Tested on CPU (Intel Xeon, single-threaded):

| Format | Latency (ms/inference) | Size | Entity Agreement vs PyTorch |
|--------|----------------------|------|---------------------------|
| PyTorch FP32 | 379 ms | 2.3 GB | Baseline |
| ONNX INT8 | 343 ms (1.10× faster) | 582 MB (4× smaller) | ~80% |

> Note: Speedup is more significant on optimized hardware (AVX-512, ARM NEON).
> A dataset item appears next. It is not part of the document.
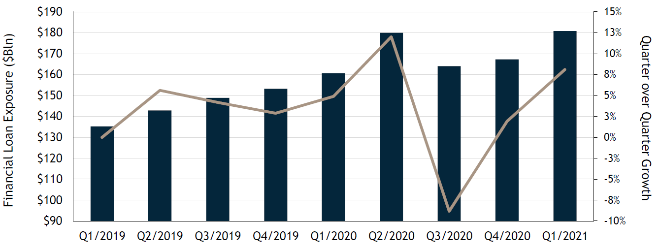 A big driver of the overall growth in commercial loans across Canada relates to growth in the Financial Service and Financing Products sectors. Financing products, which is a smaller portion, relates to asset-backed securities for consumer products (i.e. auto loans, student loans, etc.), mortgage-backed securities, and collateralized obligations. Financial service credit is credit extended to Brokers/Dealers, funds and trusts, hedge funds or insurance companies. This quarter the combined group saw a 9% increase over the previous quarter, adding over $14 billion in new commercial credit.

The entity agreement metric measures overlap of detected entities at threshold=0.3 across test examples — minor differences in borderline entities are expected and do not indicate quality degradation for high-confidence predictions.

## Training Details

| Parameter | Value |
|-----------|-------|
| Base model | knowledgator/gliner-x-large (1.3B params) |
| Training samples | 86 |
| Entity types | 30 |
| Learning rate (encoder) | 5e-6 |
| Learning rate (others) | 1e-5 |
| Loss | Focal loss (α=0.75, γ=2) |
| Epochs | 12 |
| Effective batch size | 8 |

## Training Recipe

Based on published research:
- [GLiNER-BioMed](https://arxiv.org/abs/2504.00676) — domain adaptation blueprint
- [NERCat](https://arxiv.org/abs/2503.14173) — small dataset fine-tuning recipe
- [GLiNER](https://arxiv.org/abs/2311.08526) — original model architecture

## ONNX Export Details

The ONNX models were exported using GLiNER's built-in `export_to_onnx()` method with opset version 17. Quantization uses ONNX Runtime's `quantize_dynamic`:
- **INT8**: Signed 8-bit integer weights via `QuantType.QInt8`
- **UINT8**: Unsigned 8-bit integer weights via `QuantType.QUInt8`

Both use dynamic quantization — no calibration dataset needed, scales computed at runtime per batch.

## Training Data & Script

See [Rishi2455/gliner-floatbot-ai-training](https://huggingface.co/datasets/Rishi2455/gliner-floatbot-ai-training) for the complete training dataset and fine-tuning script.

## How to Run Training

```bash
pip install gliner torch transformers accelerate trackio huggingface_hub
huggingface-cli login

# Download and run the training script
wget https://huggingface.co/datasets/Rishi2455/gliner-floatbot-ai-training/resolve/main/train_gliner.py
python train_gliner.py
```

**Hardware required**: GPU with ≥24GB VRAM (A10G, RTX 3090, A100, etc.)